YOUR TASK
Without dropping or altering a single word, give the listing again.

──────── SUPPLIED MATERIAL ────────

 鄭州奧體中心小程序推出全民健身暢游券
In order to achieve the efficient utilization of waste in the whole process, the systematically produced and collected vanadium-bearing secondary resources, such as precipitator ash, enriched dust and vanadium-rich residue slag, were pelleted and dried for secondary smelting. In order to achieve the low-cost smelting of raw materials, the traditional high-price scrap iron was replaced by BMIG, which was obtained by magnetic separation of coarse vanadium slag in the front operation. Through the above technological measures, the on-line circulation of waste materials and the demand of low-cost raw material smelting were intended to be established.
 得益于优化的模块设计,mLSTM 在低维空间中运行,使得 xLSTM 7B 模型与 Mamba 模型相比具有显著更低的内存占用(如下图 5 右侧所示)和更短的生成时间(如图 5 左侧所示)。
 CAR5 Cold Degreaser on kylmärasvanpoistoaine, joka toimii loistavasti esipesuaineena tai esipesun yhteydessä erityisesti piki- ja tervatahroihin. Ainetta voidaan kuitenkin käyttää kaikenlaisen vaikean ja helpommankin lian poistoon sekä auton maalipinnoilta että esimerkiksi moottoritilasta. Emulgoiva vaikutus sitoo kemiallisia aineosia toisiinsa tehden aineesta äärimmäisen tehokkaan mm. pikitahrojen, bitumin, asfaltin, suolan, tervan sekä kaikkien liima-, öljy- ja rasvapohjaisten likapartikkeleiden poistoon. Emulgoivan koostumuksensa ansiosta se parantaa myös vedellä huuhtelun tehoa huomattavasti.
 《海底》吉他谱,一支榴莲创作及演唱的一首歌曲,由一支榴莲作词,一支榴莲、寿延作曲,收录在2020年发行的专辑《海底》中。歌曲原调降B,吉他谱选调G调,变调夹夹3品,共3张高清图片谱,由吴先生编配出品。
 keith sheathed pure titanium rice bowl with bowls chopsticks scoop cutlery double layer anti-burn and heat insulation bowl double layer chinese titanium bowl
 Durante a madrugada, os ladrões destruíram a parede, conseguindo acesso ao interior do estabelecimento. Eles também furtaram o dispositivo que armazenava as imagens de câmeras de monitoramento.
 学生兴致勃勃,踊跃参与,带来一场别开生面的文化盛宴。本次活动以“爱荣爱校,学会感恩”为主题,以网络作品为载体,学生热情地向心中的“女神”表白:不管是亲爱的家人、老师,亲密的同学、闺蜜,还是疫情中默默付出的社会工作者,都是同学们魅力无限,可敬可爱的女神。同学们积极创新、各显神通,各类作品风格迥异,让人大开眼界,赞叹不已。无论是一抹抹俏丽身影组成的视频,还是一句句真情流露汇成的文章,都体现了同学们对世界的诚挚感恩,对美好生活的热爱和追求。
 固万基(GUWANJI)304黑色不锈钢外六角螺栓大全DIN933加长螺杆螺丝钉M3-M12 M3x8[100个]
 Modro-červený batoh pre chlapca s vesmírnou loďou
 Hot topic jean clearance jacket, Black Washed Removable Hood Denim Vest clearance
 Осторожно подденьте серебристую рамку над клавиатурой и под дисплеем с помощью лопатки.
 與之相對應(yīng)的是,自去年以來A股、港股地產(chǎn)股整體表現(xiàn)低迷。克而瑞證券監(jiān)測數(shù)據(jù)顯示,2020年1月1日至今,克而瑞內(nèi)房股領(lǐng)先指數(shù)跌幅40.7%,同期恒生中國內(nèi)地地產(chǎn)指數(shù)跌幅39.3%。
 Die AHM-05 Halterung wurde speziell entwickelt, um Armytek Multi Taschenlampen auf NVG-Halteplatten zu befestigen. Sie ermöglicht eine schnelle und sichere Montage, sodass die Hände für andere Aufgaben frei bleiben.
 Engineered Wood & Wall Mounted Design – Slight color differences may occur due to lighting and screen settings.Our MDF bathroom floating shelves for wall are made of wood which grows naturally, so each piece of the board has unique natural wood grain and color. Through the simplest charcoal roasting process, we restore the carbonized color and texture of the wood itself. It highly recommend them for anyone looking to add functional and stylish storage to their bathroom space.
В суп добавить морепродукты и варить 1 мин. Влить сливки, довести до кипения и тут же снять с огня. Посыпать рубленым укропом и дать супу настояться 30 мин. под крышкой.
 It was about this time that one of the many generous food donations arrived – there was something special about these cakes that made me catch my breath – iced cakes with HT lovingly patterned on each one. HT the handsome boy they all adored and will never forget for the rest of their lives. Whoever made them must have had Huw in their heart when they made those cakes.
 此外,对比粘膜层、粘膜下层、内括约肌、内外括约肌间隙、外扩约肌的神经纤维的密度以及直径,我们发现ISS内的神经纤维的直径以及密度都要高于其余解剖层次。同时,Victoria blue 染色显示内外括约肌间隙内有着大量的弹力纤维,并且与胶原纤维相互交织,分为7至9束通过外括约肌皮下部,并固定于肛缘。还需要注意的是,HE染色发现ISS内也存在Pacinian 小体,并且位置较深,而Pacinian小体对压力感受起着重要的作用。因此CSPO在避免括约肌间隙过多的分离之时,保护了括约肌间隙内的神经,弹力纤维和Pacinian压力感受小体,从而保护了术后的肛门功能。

────────

RESPONSE BELOW
 鄭州奧體中心小程序推出全民健身暢游券
In order to achieve the efficient utilization of waste in the whole process, the systematically produced and collected vanadium-bearing secondary resources, such as precipitator ash, enriched dust and vanadium-rich residue slag, were pelleted and dried for secondary smelting. In order to achieve the low-cost smelting of raw materials, the traditional high-price scrap iron was replaced by BMIG, which was obtained by magnetic separation of coarse vanadium slag in the front operation. Through the above technological measures, the on-line circulation of waste materials and the demand of low-cost raw material smelting were intended to be established.
 得益于优化的模块设计,mLSTM 在低维空间中运行,使得 xLSTM 7B 模型与 Mamba 模型相比具有显著更低的内存占用(如下图 5 右侧所示)和更短的生成时间(如图 5 左侧所示)。
 CAR5 Cold Degreaser on kylmärasvanpoistoaine, joka toimii loistavasti esipesuaineena tai esipesun yhteydessä erityisesti piki- ja tervatahroihin. Ainetta voidaan kuitenkin käyttää kaikenlaisen vaikean ja helpommankin lian poistoon sekä auton maalipinnoilta että esimerkiksi moottoritilasta. Emulgoiva vaikutus sitoo kemiallisia aineosia toisiinsa tehden aineesta äärimmäisen tehokkaan mm. pikitahrojen, bitumin, asfaltin, suolan, tervan sekä kaikkien liima-, öljy- ja rasvapohjaisten likapartikkeleiden poistoon. Emulgoivan koostumuksensa ansiosta se parantaa myös vedellä huuhtelun tehoa huomattavasti.
 《海底》吉他谱,一支榴莲创作及演唱的一首歌曲,由一支榴莲作词,一支榴莲、寿延作曲,收录在2020年发行的专辑《海底》中。歌曲原调降B,吉他谱选调G调,变调夹夹3品,共3张高清图片谱,由吴先生编配出品。
 keith sheathed pure titanium rice bowl with bowls chopsticks scoop cutlery double layer anti-burn and heat insulation bowl double layer chinese titanium bowl
 Durante a madrugada, os ladrões destruíram a parede, conseguindo acesso ao interior do estabelecimento. Eles também furtaram o dispositivo que armazenava as imagens de câmeras de monitoramento.
 学生兴致勃勃,踊跃参与,带来一场别开生面的文化盛宴。本次活动以“爱荣爱校,学会感恩”为主题,以网络作品为载体,学生热情地向心中的“女神”表白:不管是亲爱的家人、老师,亲密的同学、闺蜜,还是疫情中默默付出的社会工作者,都是同学们魅力无限,可敬可爱的女神。同学们积极创新、各显神通,各类作品风格迥异,让人大开眼界,赞叹不已。无论是一抹抹俏丽身影组成的视频,还是一句句真情流露汇成的文章,都体现了同学们对世界的诚挚感恩,对美好生活的热爱和追求。
 固万基(GUWANJI)304黑色不锈钢外六角螺栓大全DIN933加长螺杆螺丝钉M3-M12 M3x8[100个]
 Modro-červený batoh pre chlapca s vesmírnou loďou
 Hot topic jean clearance jacket, Black Washed Removable Hood Denim Vest clearance
 Осторожно подденьте серебристую рамку над клавиатурой и под дисплеем с помощью лопатки.
 與之相對應(yīng)的是,自去年以來A股、港股地產(chǎn)股整體表現(xiàn)低迷。克而瑞證券監(jiān)測數(shù)據(jù)顯示,2020年1月1日至今,克而瑞內(nèi)房股領(lǐng)先指數(shù)跌幅40.7%,同期恒生中國內(nèi)地地產(chǎn)指數(shù)跌幅39.3%。
 Die AHM-05 Halterung wurde speziell entwickelt, um Armytek Multi Taschenlampen auf NVG-Halteplatten zu befestigen. Sie ermöglicht eine schnelle und sichere Montage, sodass die Hände für andere Aufgaben frei bleiben.
 Engineered Wood & Wall Mounted Design – Slight color differences may occur due to lighting and screen settings.Our MDF bathroom floating shelves for wall are made of wood which grows naturally, so each piece of the board has unique natural wood grain and color. Through the simplest charcoal roasting process, we restore the carbonized color and texture of the wood itself. It highly recommend them for anyone looking to add functional and stylish storage to their bathroom space.
В суп добавить морепродукты и варить 1 мин. Влить сливки, довести до кипения и тут же снять с огня. Посыпать рубленым укропом и дать супу настояться 30 мин. под крышкой.
 It was about this time that one of the many generous food donations arrived – there was something special about these cakes that made me catch my breath – iced cakes with HT lovingly patterned on each one. HT the handsome boy they all adored and will never forget for the rest of their lives. Whoever made them must have had Huw in their heart when they made those cakes.
 此外,对比粘膜层、粘膜下层、内括约肌、内外括约肌间隙、外扩约肌的神经纤维的密度以及直径,我们发现ISS内的神经纤维的直径以及密度都要高于其余解剖层次。同时,Victoria blue 染色显示内外括约肌间隙内有着大量的弹力纤维,并且与胶原纤维相互交织,分为7至9束通过外括约肌皮下部,并固定于肛缘。还需要注意的是,HE染色发现ISS内也存在Pacinian 小体,并且位置较深,而Pacinian小体对压力感受起着重要的作用。因此CSPO在避免括约肌间隙过多的分离之时,保护了括约肌间隙内的神经,弹力纤维和Pacinian压力感受小体,从而保护了术后的肛门功能。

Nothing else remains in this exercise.